Top of Data shown

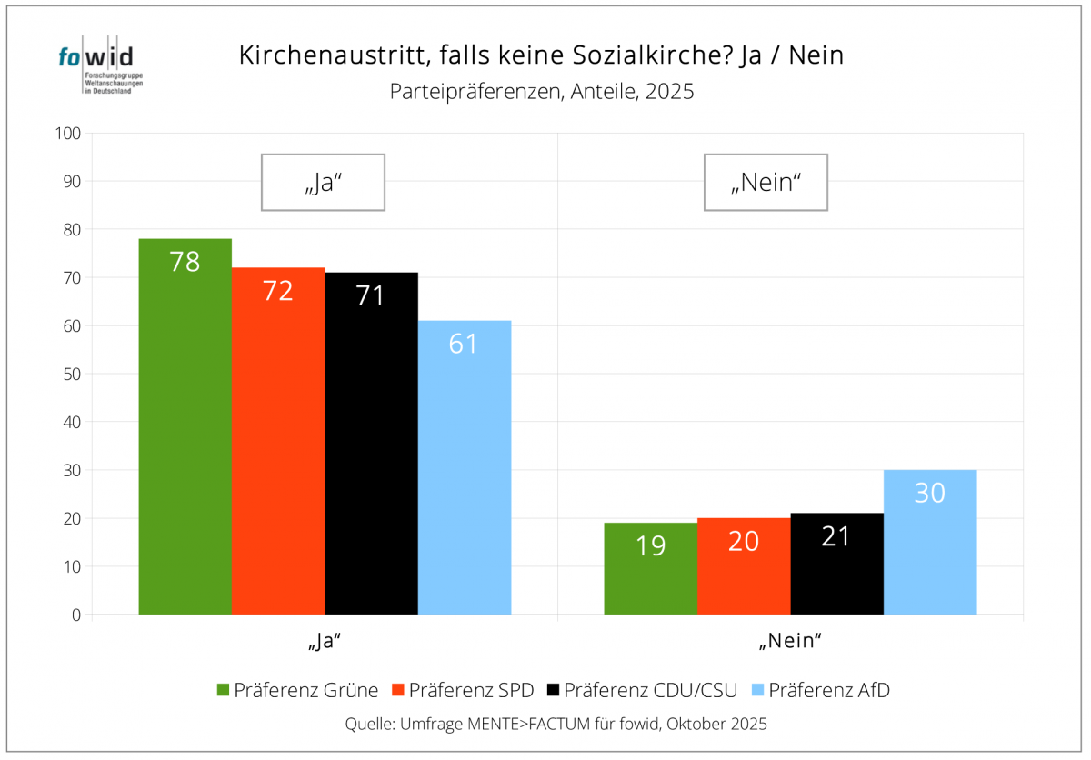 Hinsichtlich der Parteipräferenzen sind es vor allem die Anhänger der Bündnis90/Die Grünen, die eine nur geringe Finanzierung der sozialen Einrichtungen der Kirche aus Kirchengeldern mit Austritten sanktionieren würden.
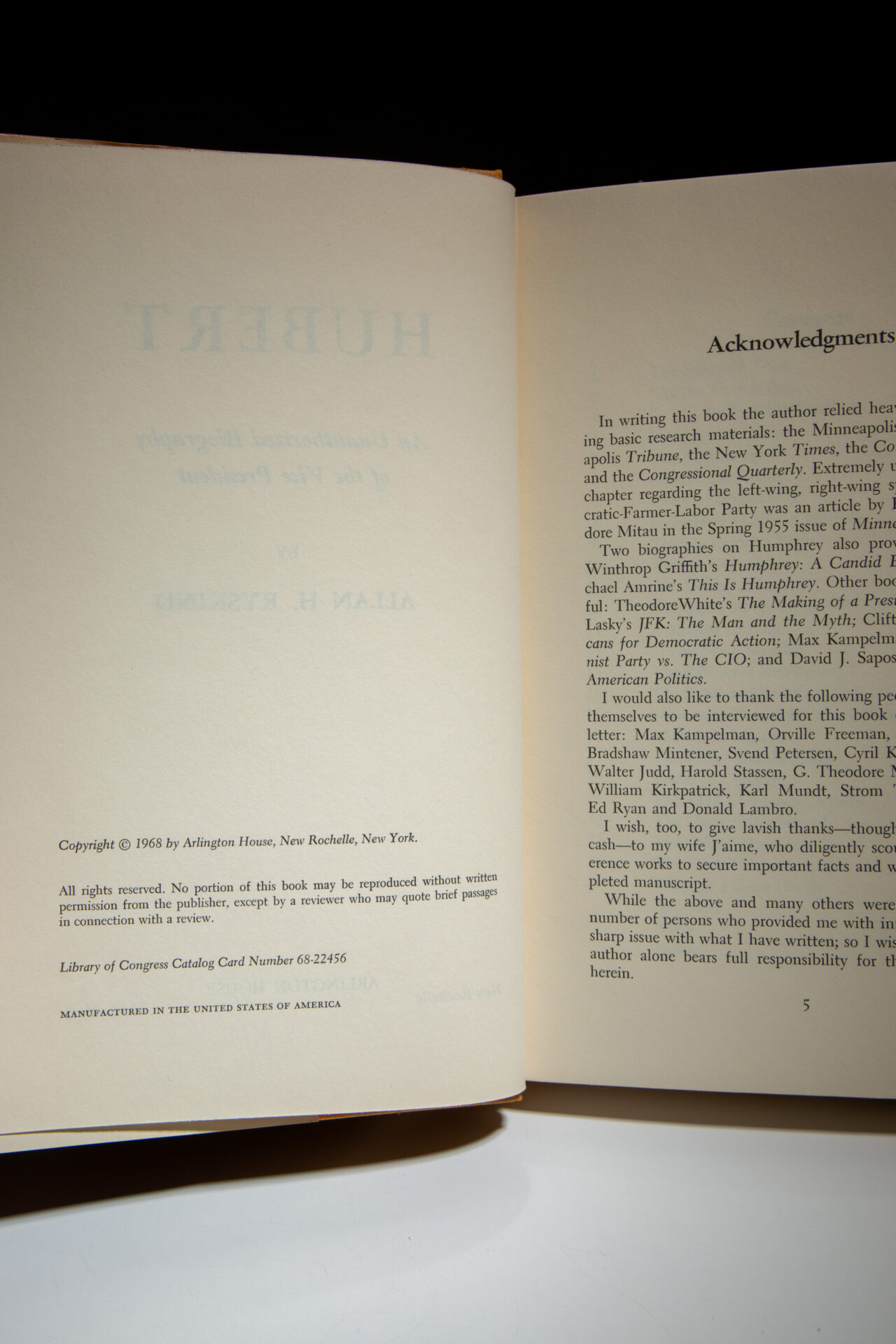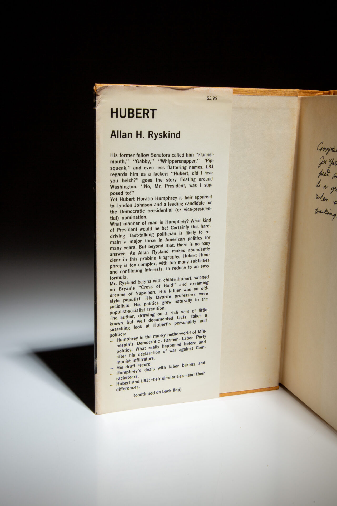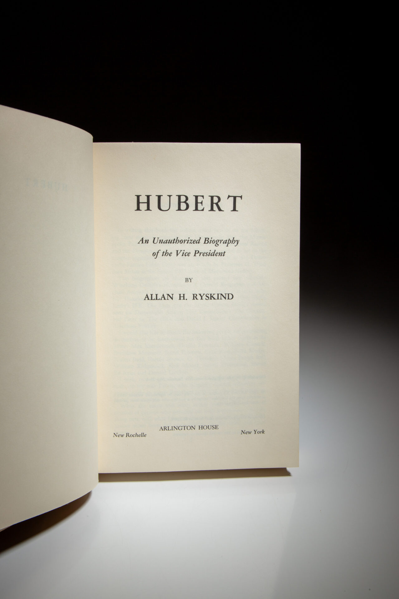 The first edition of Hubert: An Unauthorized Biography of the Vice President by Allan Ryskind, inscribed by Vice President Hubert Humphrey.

Bottom of Data shown
Top of Data shown

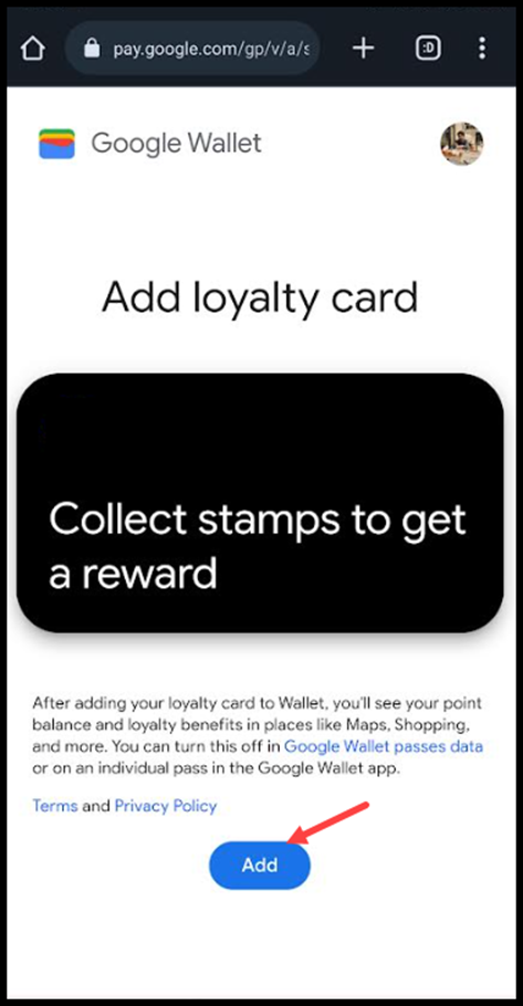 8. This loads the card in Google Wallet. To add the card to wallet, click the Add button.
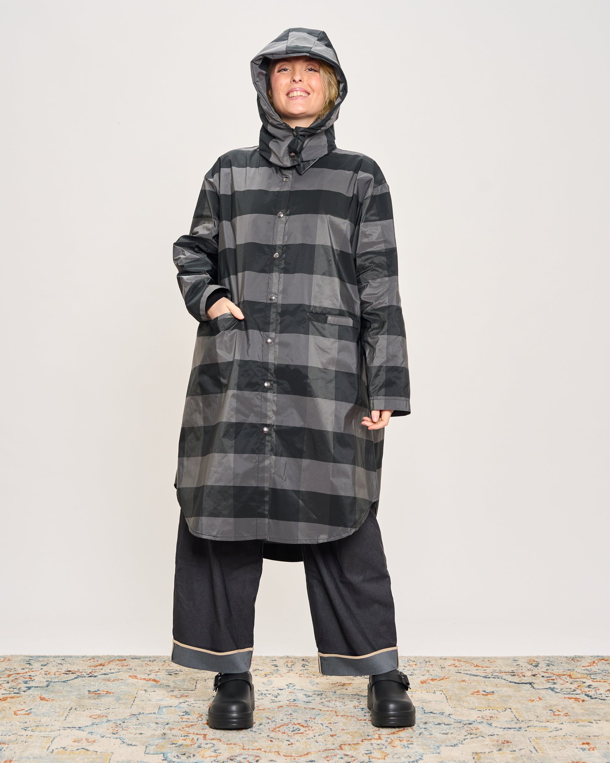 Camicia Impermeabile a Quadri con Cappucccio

Bottom of Data shown

-- Exercise description --
Starting at the line with "Hinsichtlich der Parteipräferenzen" and finishing at the line with "The first edition", copy the material above exactly, both lines included. Nothing else goes in, and no pictures.

-- Written response --
 Hinsichtlich der Parteipräferenzen sind es vor allem die Anhänger der Bündnis90/Die Grünen, die eine nur geringe Finanzierung der sozialen Einrichtungen der Kirche aus Kirchengeldern mit Austritten sanktionieren würden.
 The first edition of Hubert: An Unauthorized Biography of the Vice President by Allan Ryskind, inscribed by Vice President Hubert Humphrey.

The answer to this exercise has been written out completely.